CU Online
- Established: 1996
- Location: Office and Administrators in Denver and Boulder, Colorado, United States
- Website: online.cu.edu

= CU Online =

University of Colorado's online degree programs

CU Online represents the University of Colorado’s fully-online bachelor’s, master’s, doctorate, and certificate programs. Originally launched by the University of Colorado Denver in 1996, it is one of the first fully-accredited online higher education platforms. Today, CU Online offers degree programs from all four University of Colorado campuses – CU Boulder, UCCS, CU Denver, and CU Anschutz Medical Campus.

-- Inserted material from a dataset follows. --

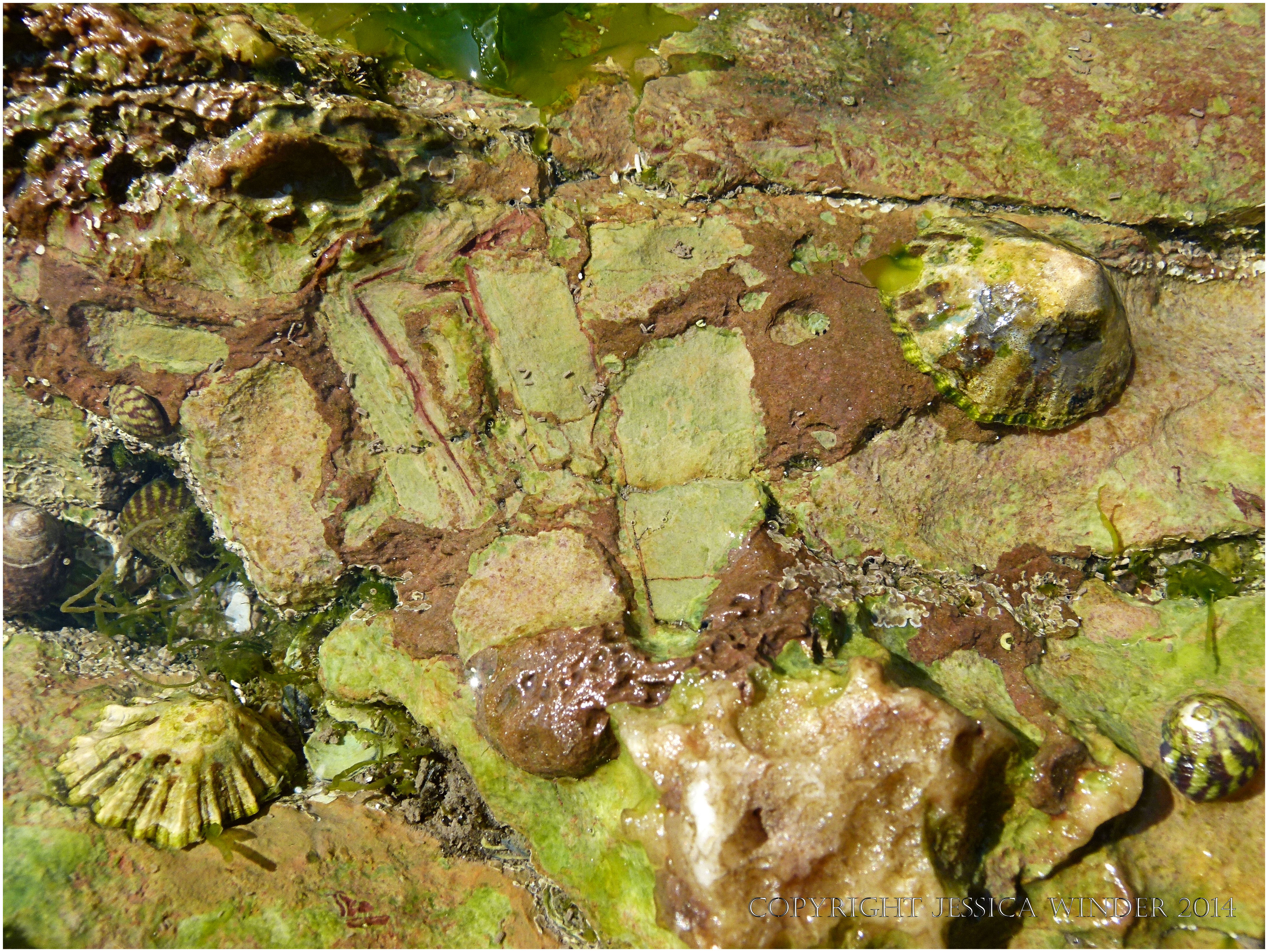 078 Out on the Causeway – Green algal film covering calcite and haematite under a shallow trickle of water on the Worms Head Causeway in Gower, South Wales. The algae are a food source for the marine molluscs that occupy this habitat.

CU Online initially launched with three online courses. In 2020 CU Online has expanded its catalog to over 50 degree and certificate programs that can be completed entirely online. CU Online programs offer the same curriculum, credit structure, and are taught by the same on-campus professors. The student-faculty ratio also remains the same for both on-campus and online courses (roughly 17:1).

== Program Structure ==
Most CU Online degree programs run on a traditional semester schedule, where they start and stop at the same time as the on-campus classes (Fall, Spring, Summer). As such, the online courses are not "self-paced", but rather are "asynchronous", which means students can log in any time of day or night. The amount of time students are expected to be logged in is dependent upon the professor and degree program.

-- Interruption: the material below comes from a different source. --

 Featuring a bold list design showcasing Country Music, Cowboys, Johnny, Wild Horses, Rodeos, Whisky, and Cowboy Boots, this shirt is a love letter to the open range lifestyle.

Each online course is developed to convey and teach the same content and material as its on-campus counterpart, but in a way that’s conducive to the web-based modality. Each student is assigned a homepage in order to:

- Access courses
- Participate in class discussions (threaded discussions and ‘chat’ with peers)
- Find assignments, lectures, and exams

CU Online employs Canvas by Instructure. Canvas is Cloud based, and CU Denver uses it for its completely online courses as well a supplement for the on campus courses in the form of blended learning, which means it doesn’t distinguish between supplemental course use and blended/hybrid courses. With Canvas, professors can record audio and video messages, utilize IOS and Android, RSS support and web conferencing.

== Assignments ==
The online courses that compose CU Online’s degree and certificate programs are typically divided into units of class discussions (ongoing posts of classmate queries and comments), downloadable assignments, and quizzes. What students are actually graded on is based on the course and the professor, however, class participation is usually required in the form of threaded discussions. Similar to a traditional on-campus course, the content of the course is subject to the discretion of the professor.

== Programs ==
The credits earned through CU Online are identical to credits earned through traditional on-campus courses; even if a student completes an entire program online, the degree is awarded with the same benefactor, University of Colorado.

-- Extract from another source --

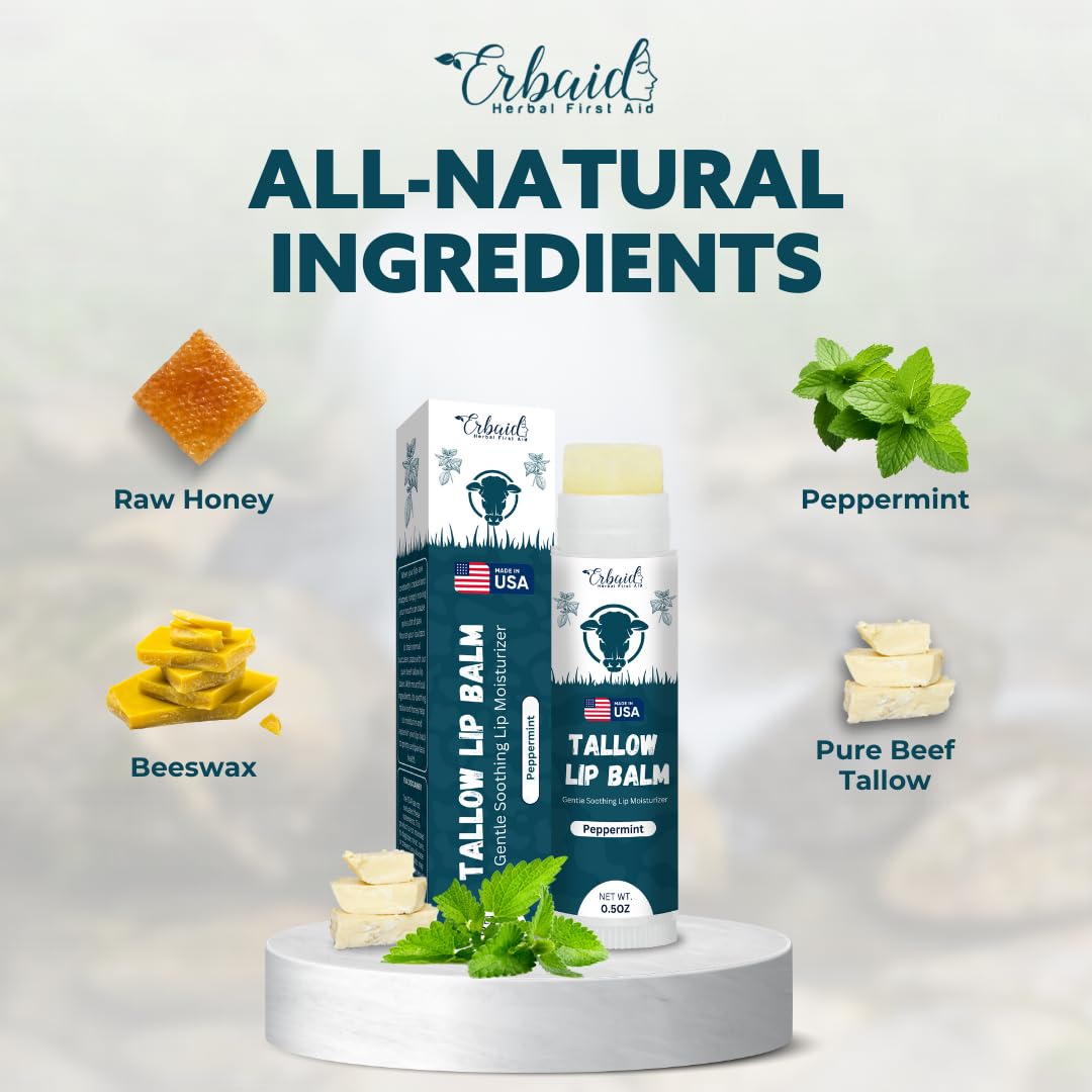 - INTENSELY HYDRATING FORMULA: Immerse your lips in moisture with our grass-fed organic beef tallow lip balm with peppermint flavor. Crafted with natural fats, akin to those in human skin, it maintains your lips' moisture barrier for enduring hydration and velvety softness.

CU Online offers courses in liberal arts and science, arts and media, business, education, engineering, public affairs, healthcare, nursing, and more. The complete list of degree programs and certificates that can be completed exclusively through online courses can be found here.

== Accreditation ==
- The University of Colorado was founded in 1876 and is accredited by the Higher Learning Commission
- The ECE program is accredited by National Council for Accreditation of Teacher Education (NCATE) and nationally recognized by CEC and National Association for the Education of Young Children (NAEYC).
- The Library program is a nationally recognized NCATE-AASL Revised & Approved School Library Media Education Program.
- All Business Schools at CU are accredited by AACSB International.
- The MS in Accounting program at CU Denver Business School is accredited by AACSB International Accounting.
- The Health Administration programs have been recognized by the ACEHSA (Accrediting Commission of Education for Health Services Administration).